Nov 14 Leveraging AI and Machine Learning for Customer Service
Artificial intelligence (AI) is an exciting field right now, extending to all domains of the enterprise. According to Salesforce, 38% of enterprises use AI, and that number is expected to grow to 62% by next year.
Customer service is the second most common use of AI by companies after IT. According to Salesforce, by 2021, efficiencies driven by AI in customer relationship management will increase global revenues by $1.1 trillion, and lead to more than 800,000 net-new jobs, surpassing those lost to automation. But as we transition into an AI-enhanced customer service model, it is important to remember that its true value lies in the collaboration between people and AI.
How AI is changing customer service
With AI and machine learning more prevalent and embedded within everyday digital services, customers are expecting intelligent and differentiated experiences, even from customer service. For example, according to Microsoft’s 2016 State of Global Customer Service Report, 78% of young consumers expect a service agent to already know them and their product history and preferences when they contact them.
Today, AI is changing the work of customer service agents by assisting them to complete tasks or by taking on repetitive tasks entirely. This enables agents to focus their attention on issues that require a personal touch, creating new value that is human in a world that is increasingly digital. For example, a robot can take on issue requests and complete simple and routine tasks, while an agent can focus on understanding the customer better and on building a more meaningful relationship.
Today’s customer service experience often begins with the Google search bar and continues on to bots and virtual assistants that can help customers find information more easily and decrease escalated calls to a call center. Already, these technologies are becoming more personal, contextual, and highly relevant.

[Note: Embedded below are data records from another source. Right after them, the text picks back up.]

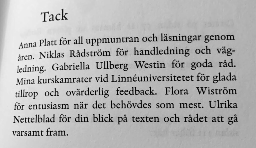 Det blir årets första dag. Jag har druckit kaffe och ätit avocadosmörgåsar i ett kök där jag brukade plugga ryska när jag var sexton, skriva väldigt tonåriga tonårsnoveller med ett språk som var större än innehållet, ett köksbord där jag brukade sitta när jag var sexton och skriva på min första roman. Utanför är snöfallet, jag vet inte ännu om vädret kommer att göra att jag inte kan skjutsa min tonåring till Uppsalakompisarna för kvällens övernattning. Det värker i mitt hjärta men är en del av vardagens små bekymmer.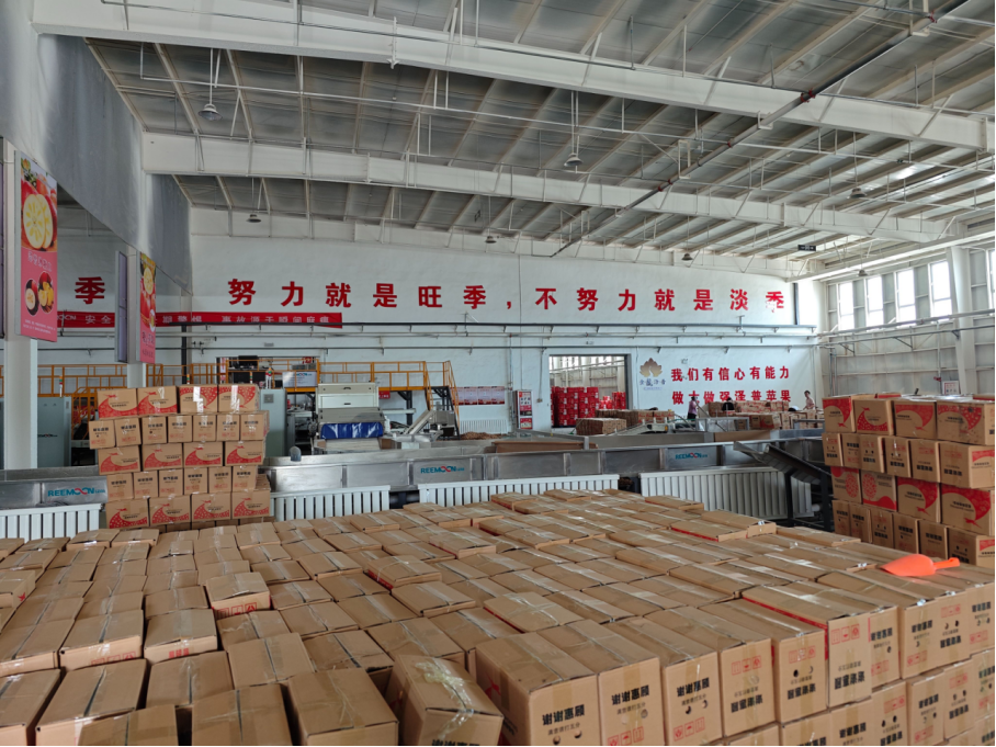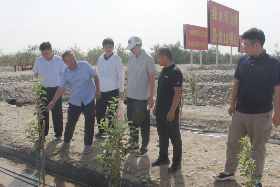7月26日下午19点,访谈团来到泽普县特色现代富民产业园。产业园选择与青玷1号矮化玷亲和性好、分枝能力强、易成花、易管理的优质晚熟耐贮黄色品种瑞雪、维纳斯黄金和红色品种秦脆搭配。虽然在戈壁滩上种苹果需要的前期投入较高,一亩地的投入达一万四千元,但通过承包的形式,一亩地一年可以获得两千元的租金,七年即可回本,实现了荒滩变金滩。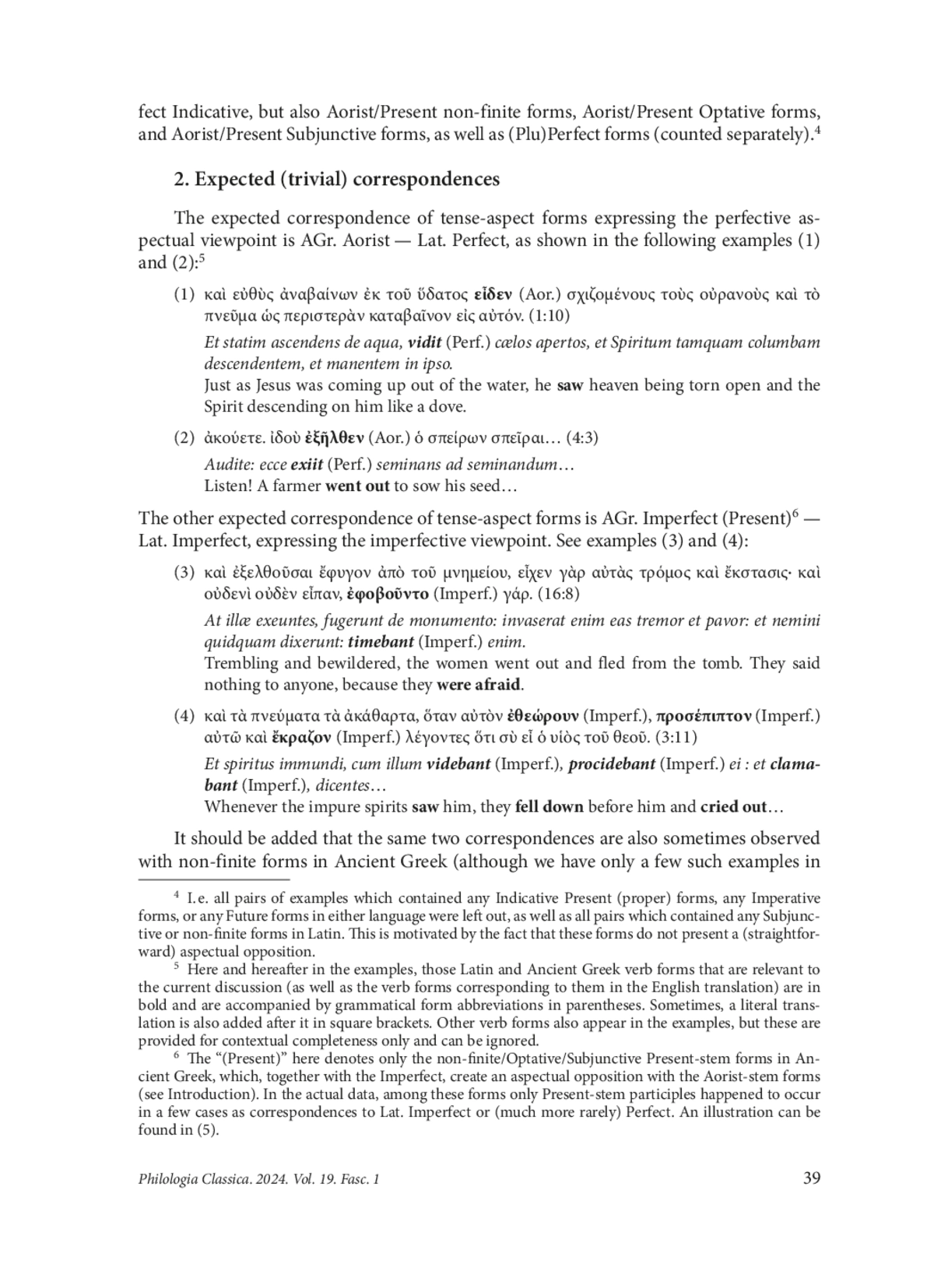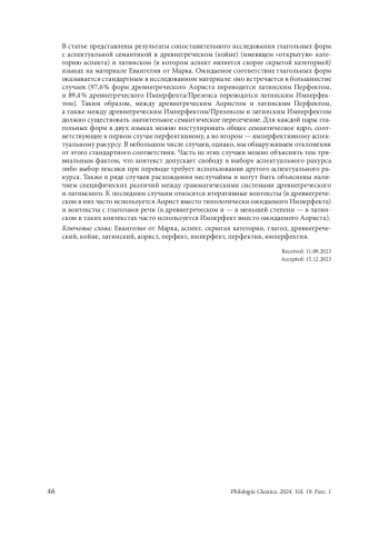 The paper presents the results of a comparative study of verb forms with aspectual semantics in Ancient Greek (Koine) (which has an overt separate category of aspect) and Latin (where aspect is rather a covert category), based on the Gospel of Mark. For the Ancient Greek original (ca 70 CE), the Nestle-Aland 26th/27th edition (Greek New Testament) was used; for the Latin translation, the Clementine Vulgate edition (ca 420 CE, Vulgata Clementina). Additionally, a contemporary English translation — the New International Version (Holy Bible NIV) — was used as an auxiliary translation. The study involved identifying and analyzing parallel verb forms (those that enter aspectual oppositions) in the Ancient Greek and Latin translations.

Soon, they will be sophisticated enough to meet some customer needs before the customers even knew they had them, offering even more opportunities to create unique, delightful experiences.

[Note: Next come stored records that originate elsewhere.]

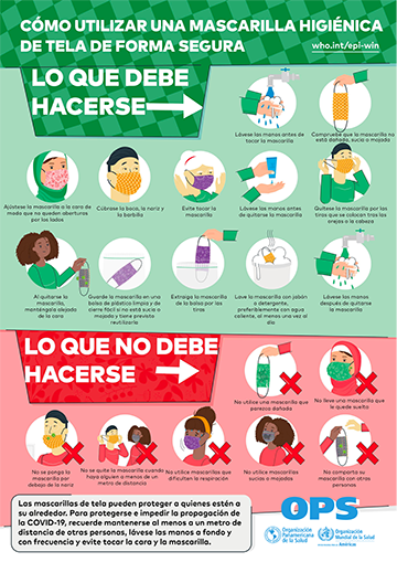 Esta infografía explica lo qué se debe hacer y lo que se debe evitar cuando se usa una mascarilla de tela.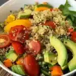Une salade colorée et nutritive alliant quinoa et avocat, parfaite pour un déjeuner léger ou un accompagnement.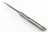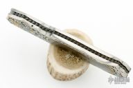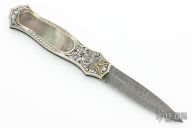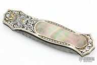 This Dagger Auto by Joe Kious features a Turkish Twist Damascus dagger blade with nail nick and false top edge. The handle has a stainless steel frame with black lip pearl inlays, fileworked Damascus backspacer. The handle has gold inlays and has been engraved by Julie Warenski, it is stunning. The face on the presentation side has ruby eyes, and the other side has sapphire eyes. Nice lockup and blade seating. Comes with velcro case. Has some light oxidation on the blade, has a few light scratches, has a chip in the pearl on the front scale, otherwise good condition. Attached is a picture of a letter about the knife from Joe Kious. If this knife is purchased, the consigner will mail the original copy to the buyer.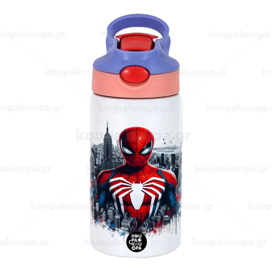 Spiderman City, Παιδικό παγούρι θερμό, ανοξείδωτο, με καλαμάκι ασφαλείας, ροζ/μωβ (350ml)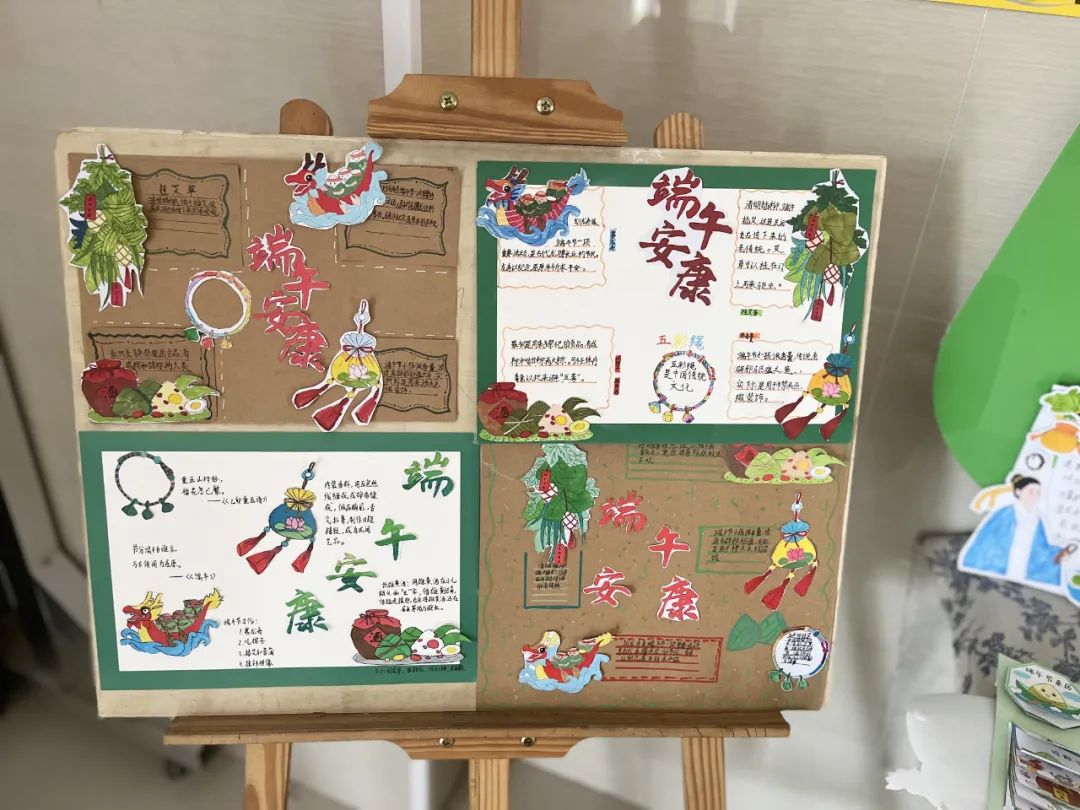 小学部开展 “粽情端午” 多学科活动:数学课堂用纸张制作立体 “粽子”,探索几何之美;语文课堂绘制手抄报、书写书法、设计书签,浸润诗意墨香。劳动实践中,学生采摘艾草制作艾束,“红领巾讲解员” 讲述端午起源、爱国故事及艾草功效,融合自然与文化。活动以鲜花饼传递祝福,让学生在动手与体验中感悟传统内涵,增强文化自信。

As organizations are becoming more digital, AI-enabled operations are getting smarter by assisting with streamlining customer interactions, facilitating scheduling, and optimizing resources. Even more significantly, with access to large amounts of data, these technologies can grow and extend our knowledge. From big customer engagement data, AI can extract useful information and uncover new patterns that could lead to new services and new business models. Ideally, as Forrester predicts, “machine-learning algorithms used for business and customer intelligence find answers to questions that humans didn’t even know to ask.”
What to keep in mind when deploying AI
As more and more experiences are built with the integration of AI and machine learning, we still have a lot to learn about how to leverage the technology in meaningful ways and keep the experience human. Here are some things to keep in mind:
Robots aren’t human-centered: Humans are innately biased, and human-made algorithms inevitably include some of our biases as well. We still need to tell machines what to solve for and need to be able to define that by understanding and addressing human needs first. That means ethnography remains critical! It also means that in the same way we try to avoid bias by putting measures in place to ensure impartiality in our research, the same scrutiny should apply to creating algorithms.

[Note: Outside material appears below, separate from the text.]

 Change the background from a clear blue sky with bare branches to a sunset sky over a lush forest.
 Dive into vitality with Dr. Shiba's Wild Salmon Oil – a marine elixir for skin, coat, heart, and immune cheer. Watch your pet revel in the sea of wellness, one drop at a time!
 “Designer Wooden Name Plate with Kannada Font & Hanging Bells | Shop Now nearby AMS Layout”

Experience is still human: Currently, AI is still relatively inflexible compared to a humans’ ability to adapt, connect and translate, but it is advancing quickly. For example, soon voice biometrics may not only be used to authenticate users by their voice, but machines may learn how to read a customer’s emotions and adjust their tone accordingly. As the gap for artificial ‘emotional’ intelligence shrinks, it is important not to forget that humans perceive services as experiences and that increased access and understanding of a customer’s shopping habits and color preferences does not equal intimacy and personality. A good customer experience speaks to a customers’ values, not just their preferences, and while AI can be a means to an end, it’s not a cure-all solution.